Sure, if there's users that would benefit from this then no reason to
not consider it. It's just a lot of low-level knobs we give userspace
here but I guess for the notifier it makes sense.

> 
> >
> > >
> > > This change introduce the SECCOMP_USER_NOTIF_FD_SYNC_WAKE_UP flag that
> > > it used to enable the sync mode.
> > >
> > > Signed-off-by: Andrei Vagin <avagin@gmail.com>
> > > ---
> > >  include/uapi/linux/seccomp.h |  4 ++++
> > >  kernel/seccomp.c             | 35 +++++++++++++++++++++++++++++++++--
> > >  2 files changed, 37 insertions(+), 2 deletions(-)
> > >
> > > diff --git a/include/uapi/linux/seccomp.h b/include/uapi/linux/seccomp.h
> > > index 0fdc6ef02b94..dbfc9b37fcae 100644
> > > --- a/include/uapi/linux/seccomp.h
> > > +++ b/include/uapi/linux/seccomp.h
> > > @@ -115,6 +115,8 @@ struct seccomp_notif_resp {
> > >       __u32 flags;
> > >  };
> > >
> 
> <snip>
> 
> > >
> > >  #ifdef SECCOMP_ARCH_NATIVE
> > > @@ -1117,7 +1120,10 @@ static int seccomp_do_user_notification(int this_syscall,
> > >       INIT_LIST_HEAD(&n.addfd);
> > >
> > >       atomic_add(1, &match->notif->requests);
> > > -     wake_up_poll(&match->wqh, EPOLLIN | EPOLLRDNORM);
> > > +     if (match->notif->flags & SECCOMP_USER_NOTIF_FD_SYNC_WAKE_UP)
> > > +             wake_up_poll_on_current_cpu(&match->wqh, EPOLLIN | EPOLLRDNORM);
> > > +     else
> > > +             wake_up_poll(&match->wqh, EPOLLIN | EPOLLRDNORM);
> >
> > (We're accumulating a lot of conditional wake primitives in the notifier.)
> >
> 
> I am not sure that I understand what you mean here.
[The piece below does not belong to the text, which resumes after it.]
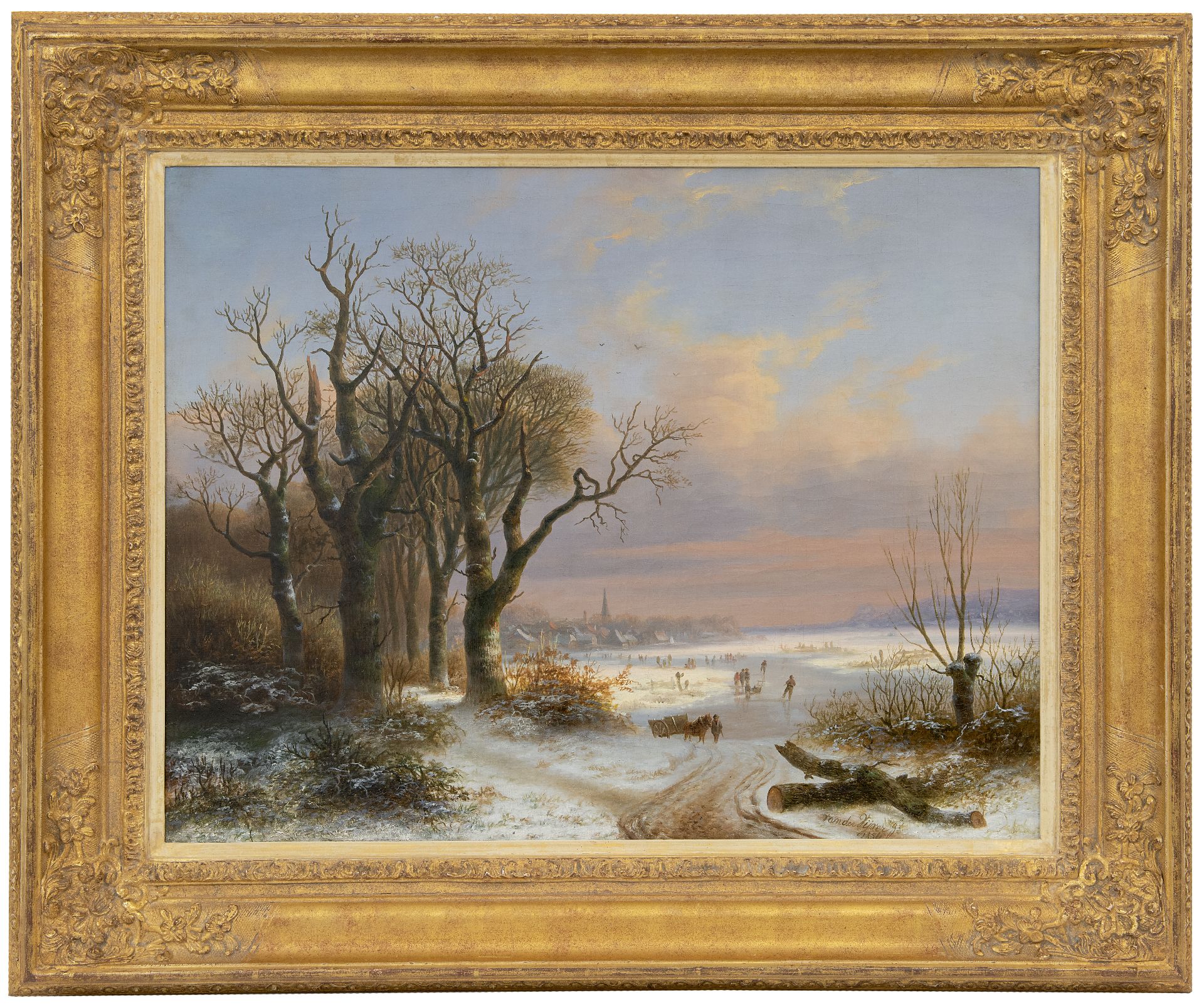 Willem Simon Petrus van der Vijver Kunstwerk • Gemälde • zu verkaufen Winterlandschaft mit Eisläufern vor einer kleinen Stadt

I just meant that we have 

if (wait_killable)
	err = wait_for_completion_killable(&n.ready);
else
	err = wait_for_completion_interruptible(&n.ready);

and now also

if (match->notif->flags & SECCOMP_USER_NOTIF_FD_SYNC_WAKE_UP)
        wake_up_poll_on_current_cpu(&match->wqh, EPOLLIN | EPOLLRDNORM);
else
        wake_up_poll(&match->wqh, EPOLLIN | EPOLLRDNORM);

which is a bit unpleasant but nothing that would mean we can't do this.